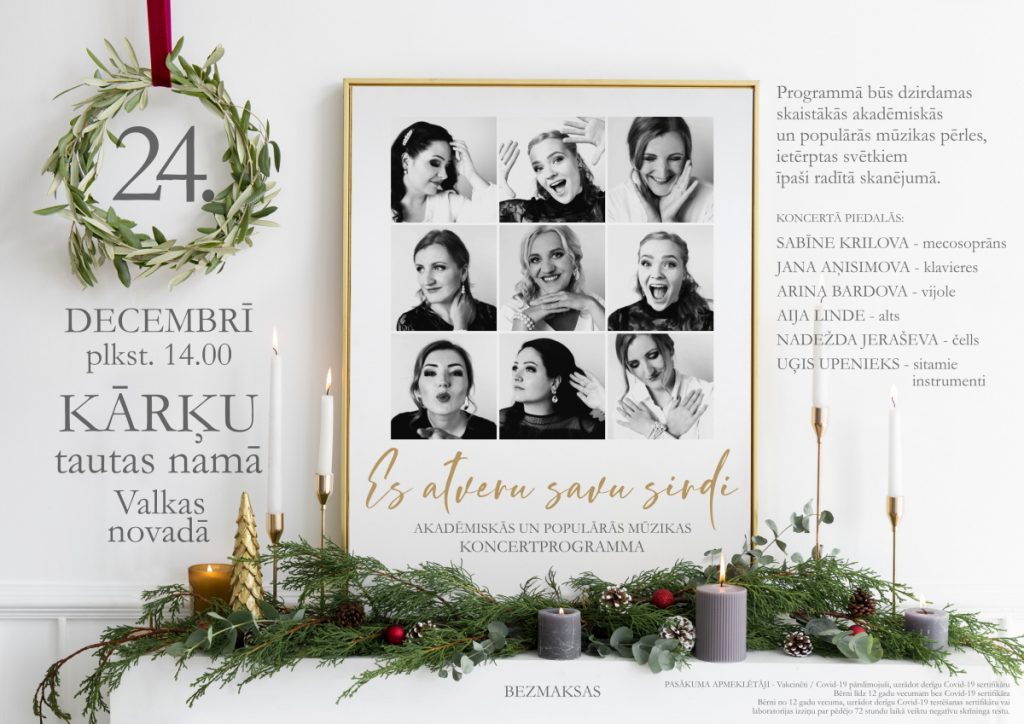Piektdien, 24. decembrī pulksten 14.00 Kārķu tautas namā ikvienu priecēs Ziemassvētku koncerts “Es atveru savu sirdi”. Programmā būs dzirdamas skaistākās akadēmiskās un populārās mūzikas pērles, ietērptas svētkiem īpaši radītā skanējumā. Koncertā piedalīsies Sabīne Krilova – mecosoprāns, Jana Aņisimova – klavieres
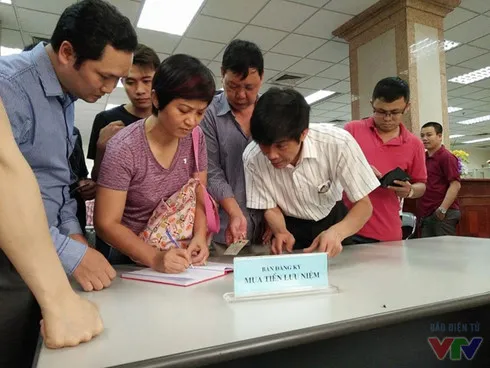 (ĐTTCO)-Chỉ trong vòng vài giờ mở bán, Ngân hàng Nhà nước chi nhánh 45 Lý Thường Kiệt đã tiếp hàng trăm người dân đến mua tờ tiền lưu niệm 100 đồng.
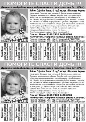 Милые мои, очень нужна ваша помощь в расклеивании и распространении обьявлениий о Соне в вашем районе. Уже есть распечатанные, могу подвести сегодня завтра вам домой. Просим помочь малышке!!!
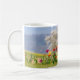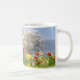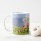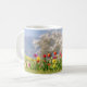 Freuen Sie sich auf fröhliche Blume mit roten und rosafarbenen Tulpen, eine blühende Wilddiele gegen weiße Baumblüten an einem sonnigen, hellen Frühlingstag mit blauen Himmeln. Ein wunderschönes Landschaftsbild-Foto von Katho Menden. Diese Tasse ist eine bezaubernde Geschenkidee für Naturliebhaber.
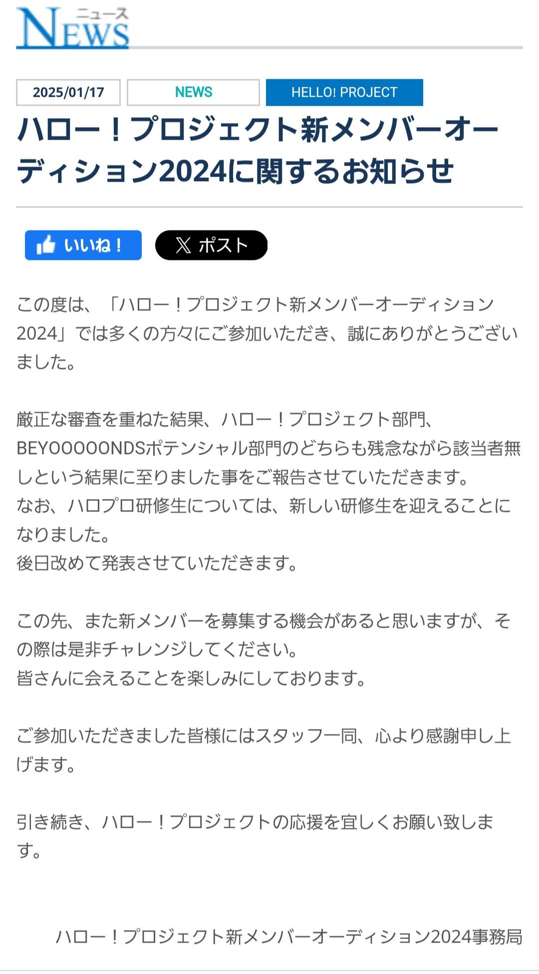 【悲報】ハロプロさん、新メンバーオーディションでまさかの「該当者なし」
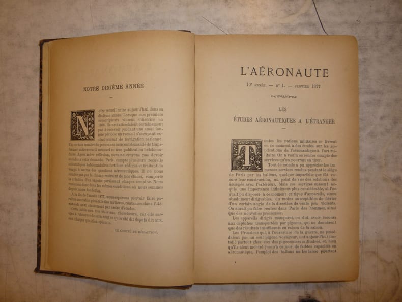 L Aeronaute. Bulletin Mensuel Illustre de la Navigation Aerienne, Paris, 1877, In French. The listing price of $299 is for a single issue of the periodical. Several issues are available during the period indicated in the listing title. Please inquire about availability of specific issues, id3-009108

[TO DO]:
Retype the material above exactly, images excluded.

[ANSWER TO THE PROBLEM]:
Piektdien, 24. decembrī pulksten 14.00 Kārķu tautas namā ikvienu priecēs Ziemassvētku koncerts “Es atveru savu sirdi”. Programmā būs dzirdamas skaistākās akadēmiskās un populārās mūzikas pērles, ietērptas svētkiem īpaši radītā skanējumā. Koncertā piedalīsies Sabīne Krilova – mecosoprāns, Jana Aņisimova – klavieres
 (ĐTTCO)-Chỉ trong vòng vài giờ mở bán, Ngân hàng Nhà nước chi nhánh 45 Lý Thường Kiệt đã tiếp hàng trăm người dân đến mua tờ tiền lưu niệm 100 đồng.
 Милые мои, очень нужна ваша помощь в расклеивании и распространении обьявлениий о Соне в вашем районе. Уже есть распечатанные, могу подвести сегодня завтра вам домой. Просим помочь малышке!!!
 Freuen Sie sich auf fröhliche Blume mit roten und rosafarbenen Tulpen, eine blühende Wilddiele gegen weiße Baumblüten an einem sonnigen, hellen Frühlingstag mit blauen Himmeln. Ein wunderschönes Landschaftsbild-Foto von Katho Menden. Diese Tasse ist eine bezaubernde Geschenkidee für Naturliebhaber.
 【悲報】ハロプロさん、新メンバーオーディションでまさかの「該当者なし」
 L Aeronaute. Bulletin Mensuel Illustre de la Navigation Aerienne, Paris, 1877, In French. The listing price of $299 is for a single issue of the periodical. Several issues are available during the period indicated in the listing title. Please inquire about availability of specific issues, id3-009108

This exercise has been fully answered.